# 8 Anova

Be sure to read the section on linear models in R
*before* you read this section, and specifically the parts on
specifying models with formulae.

This section attempts to cover in a high level way how to specify anova models in R and some of the issues in interpreting the model output. If you need to revise the basic idea of an Anova, the Howell textbook [@howell2016fundamental]. For a very quick reminder, this interactive/animated explanation of Anova is helpful.

If you just want the ‘answers’ — i.e. the syntax to specify common Anova models – you could skip to the next section: Anova cookbook

There are 4 rules for doing Anova in R and not wanting to cry:

- Keep your data in ‘long’ format.
- Know the differences between character, factor and numeric variables
- Do not use the
`aov()`

or`anova()`

functions to get an Anova table unless you know what you are doing. - Learn about the types of sums of squares and always remember to specify
`type=3`

, unless you know better.

### Rules for using Anova in R

#### Rule 1: Use long format data

In R, data are almost always most useful a long format where:

- each row of the dataframe corresponds to a single measurement occasion
- each column corresponds to a variable which is measured

For example, in R we will have data like this:

```
df %>%
head %>%
pander
```

person | time | predictor | outcome |
---|---|---|---|

1 | 1 | 2 | 7 |

1 | 2 | 2 | 6 |

1 | 3 | 2 | 17 |

2 | 1 | 3 | 9 |

2 | 2 | 3 | 8 |

2 | 3 | 3 | 9 |

Whereas in SPSS we might have the same data structured like this:

```
df.wide %>%
head %>%
pander
```

person | predictor | Time 1 | Time 2 | Time 3 |
---|---|---|---|---|

1 | 2 | 7 | 6 | 17 |

2 | 3 | 9 | 8 | 9 |

3 | 2 | 7 | 8 | 10 |

4 | 2 | 12 | 10 | 6 |

5 | 4 | 11 | 13 | 15 |

6 | 4 | 8 | 9 | 12 |

R always uses long form data when running an Anova, but one downside is that it therefore has no automatic to know which rows belong to which person (assuming individual people are the unit of error in your model). This means that for repeated measures designs you need to make explicit which measures are repeated when specifying the model (see the section on repeated designs below).

#### Rule 2: Know your variables

See the section on dataframes and on the different column types and be sure you can distinguish:

- Numeric variables
- Factors
- Character strings.

In Anova:

- Outcomes will be numeric variables
- Predictors will be factors or (preferably) character strings

If you want to run Ancova models, you can also add numeric predictors.

#### Rule 3: Don’t use `aov()`

or `anova()`

This is the most important rule of all.

The `aov`

and `anova`

functions have been around in R a long time. For various
historical reasons the defaults for these functions won’t do what you expect if
you are used to SPSS, Stata, SAS, and most other stats packages.
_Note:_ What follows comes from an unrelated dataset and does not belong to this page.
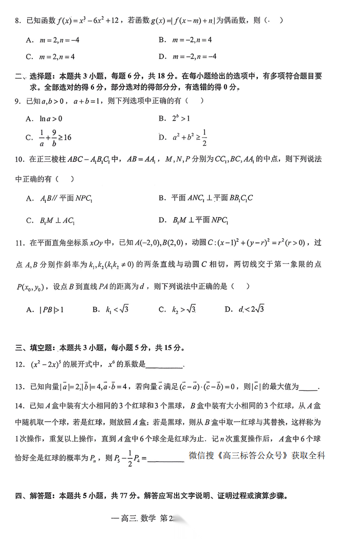 2026届江苏南通通州区高三下学期二模 2026届江苏南通通州区高三下学期二模

These
differences are important and will be confusing and give you misleading results
unless you understand them.

The recommendation here is:

If you have a factorial experiment define your model using

`lm()`

and then use`car::Anova()`

to calculate F tests.If you have repeated measures, your data are perfectly balanced, and you have no missing values then use

`afex::car_aov()`

.If you think you want a repeated measures Anova but your data are not balanced, or you have missing data, use linear mixed models instead via the

`lme4::`

package.

#### Rule 4: Use type 3 sums of squares (and learn why)
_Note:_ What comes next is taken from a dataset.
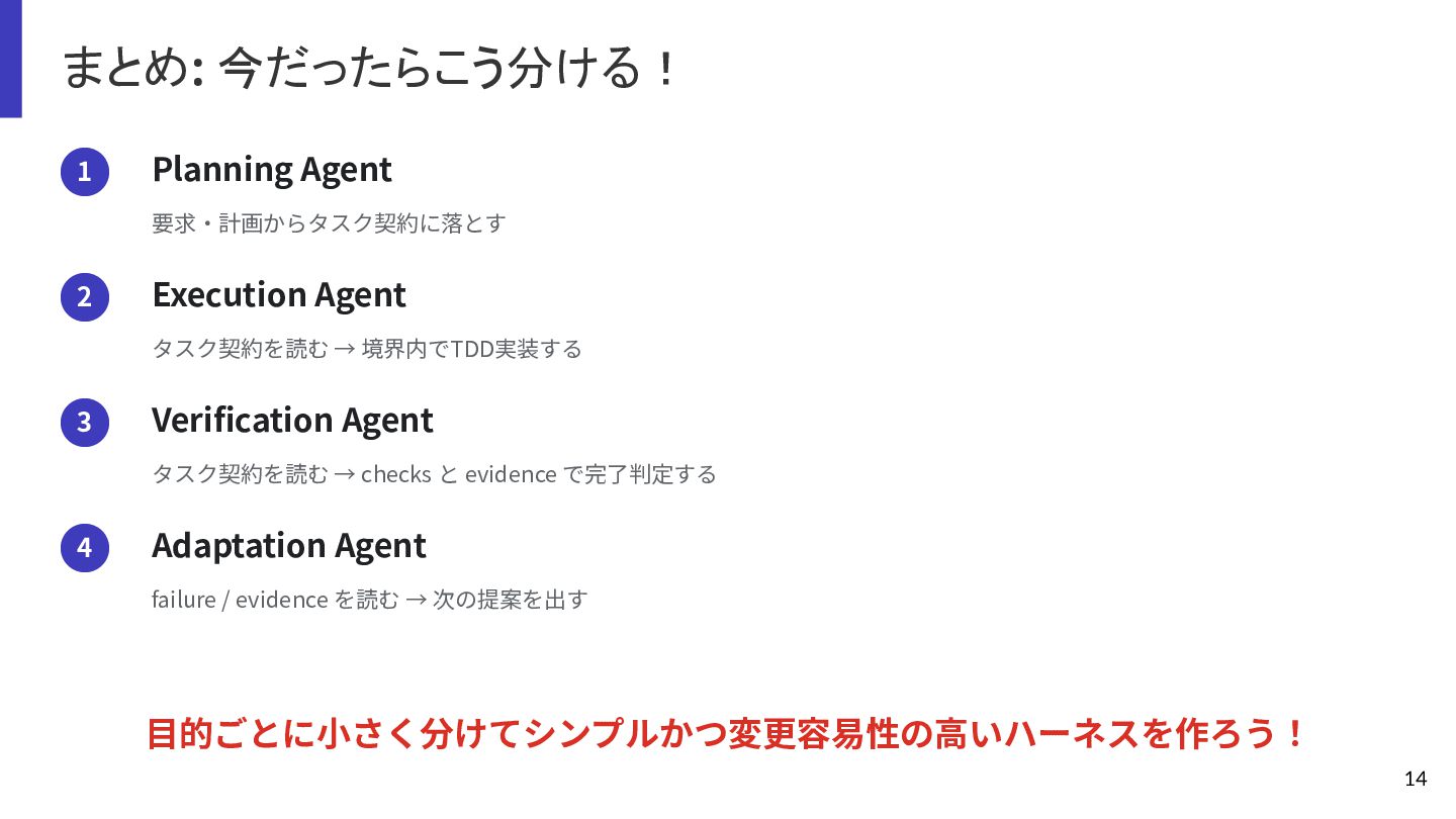 結論として、ハーネスを作成する際は目的ごとに小さく分割し、シンプルで変更容易性の高いハーネスを構築する必要がある

You may be aware, but there are at least 3 different ways of calculating the sums of squares for each factor and interaction in an Anova. In short,

- SPSS and most other packages use type 3 sums of squares.
`aov`

and`anova`

use type 1.- By default,
`car::Anova`

and`ez::ezANOVA`

use type 2, but can use type 3 if you ask.

This means you must:

- Make sure you use type 3 sums of squares unless you have a reason not to.
- Always pass
`type=3`

as an argument when running an Anova.

A longer explanation of *why* you probably want type 3 sums of squares is given
in this
online discussion on stats.stackechange.com
and practical implications are shown in
this worked example.

An even longer answer, including a much deeper exploration of the philosophical questions involved is given by @venables1998exegeses.

### Recommendations for doing Anova

Make sure to Plot your raw data

*first*Where you have interactions, be cautious in interpreting the main effects in your model, and always plot the model predictions.

If you find yourself aggregating (averaging) data before running your model, think about using a mixed or multilevel model instead.

If you are using repeated measures Anova, check if you should should be using a mixed model instead. If you have an unbalanced design or any missing data, you probably should use a mixed model.